Оказывается, Ксюша приняла есенинскую строчку как угрозу в свой адрес.
— Вот что, — сказал Мурат, тщетно пытаясь сохранить серьезный вид. — Ступай к ней и объяснись.
Когда Леонид скрылся в кустарнике, Мурат от души рассмеялся.
— Все это было бы смешно, если не было бы грустно, — раздался вдруг веселый девичий голос.
Стоило мне обернуться, я тут же понял: это была Новелла. Именно, такой рисовал ее Грач. Трудно было поверить, что Новелла недавно вернулась с маршрута. Ее изящные куртка и брюки были вычищены, красиво, даже элегантно сидели на худенькой фигурке. Из-под фетровой, с козырьком, шляпы черным пламенем выбивались волосы. Длинные изогнутые ресницы пушистыми пчелками то садились на глаза, то взлетали с них. На груди, словно гранатовый сок, на солнце горели темно-красные крупные бусы.
— Опять критика? — буркнул Мурат.
— Кто же виноват, что она не знает Есенина? — все таким же веселым тоном спросила Новелла. — Конечно мы.
Я пристально посмотрел на нее. Никогда в жизни не приходилось мне видеть таких глаз. Даже когда лицо ее становилось серьезным и задумчивым, в зеленых, как малахит, глазах не потухали искорки жизнерадостного смеха. Это было так необычно и так удивительно, что хотелось неотрывно смотреть в эта счастливые глаза.
— И когда это ты успела принарядиться? — недовольно опросил Борис.

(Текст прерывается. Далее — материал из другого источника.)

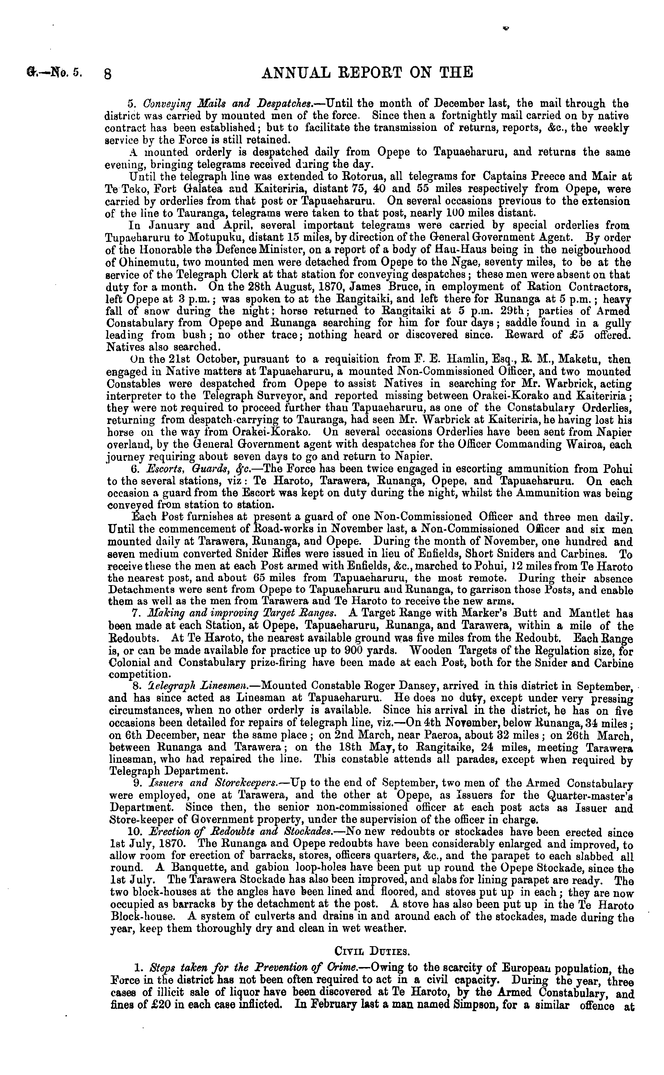 5. Conveying Mails and Despatches. —Until the month of December last, the mail through the district was carried by mounted men of the force. Since then a fortnightly mail carried on by native contract has been established; but to facilitate the transmission of returns, reports, &c, the weekly service by the Force is still retained. A mounted orderly is despatched daily from Opepe to Tapuaeharuru, and returns the same evening, bringing telegrams received during the day. Until the telegraph line was extended to Rotorua, all telegrams for Captains Preece and Mair at Te Teko, Fort Galatea aud Kaiteriria, distant 75, 40 and 55 miles respectively from Opepe, were carried by orderlies from that post or Tapuaeharuru. On several occasions previous to the extension of the line to Tauranga, telegrams were taken to that post, nearly 100 miles distant. In January and April, several important telegrams were carried by special orderlies from Tupaeharuru to Motupuku, distant 15 miles, by direction of the General Government Agent. By order of the Honorable the Defence Minister, on a report of a body of Hau-Haus being in the neigbourhood of Ohinemutu, two mounted men were detached from Opepe to the Ngae, seventy miles, to be at the service of the Telegraph Clerk at that station for conveying despatches ; these men were absent on that duty for a month. On the 28th August, 1870, James Bruce, in employment of Ration Contractors, left Opepe at 3 p.m.; was spoken to at the Rangitaiki, and left there for Runanga at 5 p.m.; heavy fall of snow during the night; horse returned to Rangitaiki at 5 p.m. 29th; parties of Armed Constabulary from Opepe and Runanga searching for him for four days ; saddle found in a gully leading from bush; no other trace; nothing heard or discovered since. Reward of £5 offered. Natives also searched. On the 21st October, pursuant to a requisition from F. E. Hamlin, Esq., R. M., Maketu, then engaged iu Native matters at Tapuaeharuru, a mounted Non-Commissioned Officer, and two mounted Constables were despatched from Opepe to assist Natives in searching for Mr. Warbrick, acting interpreter to the Telegraph Surveyor, and reported missing between Orakei-Korako and Kaiteriria; they were not required to proceed further than Tapuaeharuru, as one of the Constabulary Orderlies, returning from despatch-carrying to Tauranga, had seen Mr. AVarbrick at Kaiteriria, he having lost his horse on the way from Orakei-Korako. On several occasions Orderlies have beeu sent from Napier overland, by the General Government agent with despatches for the Officer Commanding Wairoa, each journey requiring about seven days to go and return to Napier. 6. Escorts, Guards, tyc. —The Force has been twice engaged in escorting ammunition from Pohui to the several stations, viz: Te Haroto, Tarawera, Runanga, Opepe, and Tapuaeharuru. On each occasion a guard from the Escort was kept on duty during the night, whilst the Ammunition was being conveyed from station to station. Each Post furnishes at present a guard of one Non-Commissioned Officer and three men daily. Until the commencement of Road-works in November last, a Non-Commissioned Officer and six men mounted daily at Tarawera, Runanga, and Opepe. During the month of November, one hundred and seven medium converted Snider Rifles were issued in lieu of Enfields, Short Sniders and Carbines. To receive these the men at each Post armed with Enfields, &c, marched to Pohui, 12 miles from Te Haroto the nearest post, and about 65 miles from Tapuaeharuru, the most remote. During their absence Detachments were sent from Opepe to Tapuaeharuru and Runanga, to garrison those Posts, and enable them as well as the men from Tarawera and Te Haroto to receive the new arms. 7. Making and improving Target Ranges. A Target Range with Marker's Butt and Mantlet has been made at each Station, at Opepe, Tapuaeharuru, Runanga, and Tarawera, within a mile of the Redoubts. At Te Haroto, the nearest available ground was five miles from the Redoubt. Each Range is, or can be made available for practice up to 900 yards. AVooden Targets of the Regulation size, for Colonial and Constabulary prize-firing have been made at each Post, both for the Snider and Carbine competition. 8. lelegraph Linesmen. —Mounted Constable Roger Dansey, arrived in this district in September, and has since acted as Linesman at Tapuaeharuru. He does no duty, except under very pressing circumstances, when no other orderly is available. Since his arrival in the district, he has on five occasions been detailed for repairs of telegraph line, viz.—On 4th November, below Runanga, 34 miles ; on 6th December, near the same place ; on 2nd March, near Paeroa, about 32 miles ; on 26th March, between Runanga and Tarawera; on the 18th May, to Rangitaike, 24 miles, meeting Tarawera linesman, who had repaired the line. This constable attends all parades, except when required by Telegraph Department. 9. Issuers and Storekeepers. —Up to the end of September, two men of the Armed Constabulary were employed, one at Tarawera, and the other at Opepe, as Issuers for the Quarter-master's Department. Since then, the senior non-commissioned officer at each post acts as Issuer and Store-keeper of Government property, under the supervision of the officer in charge. 10. Erection of Redoubts and Stockades.—No new redoubts or stockades have been erected since Ist July, 1870. The Runanga and Opepe redoubts have been considerably enlarged and improved, to allow room for erection of barracks, stores, officers quarters, &c, and the parapet to each slabbed all round. A Banquette, and gabion loop-holes have been put up round the Opepe Stockade, since the Ist July. The Tarawera Stockade has also been improved, and slabs for lining parapet are ready. The two block-houses at the angles have been lined and floored, and stoves put up in each ; they are now occupied as barracks by the detachment at the post. A stove has also been put up in the Te Haroto Bl

— Я — женщина, — задорно ответила Новелла, лукаво взглянув на меня. — Пора бы уже и привыкнуть.
Мурат познакомил нас. Новелла сказала мне просто, будто давно знала меня:
— Граница всегда напоминает мне юность.
— Старуха! — хохотнул Мурат. — А юность — это, наверное, безусый мальчишка, возомнивший себя героем!
— Мурат, вы кудесник! Шахиншах Голубых гор! — обрадованно воскликнула Новелла.
— А где же мальчишка? — заинтересовался я.
— Уехал в пограничное училище, — ответила Новелла, и я не почувствовал в ее голосе грусти. — Мальчишки не всегда возвращаются домой. Даже если их ждут. Земля — слишком большая планета. Впрочем, — резко, но все так же бедово закончила она, — сегодня не вечер воспоминаний.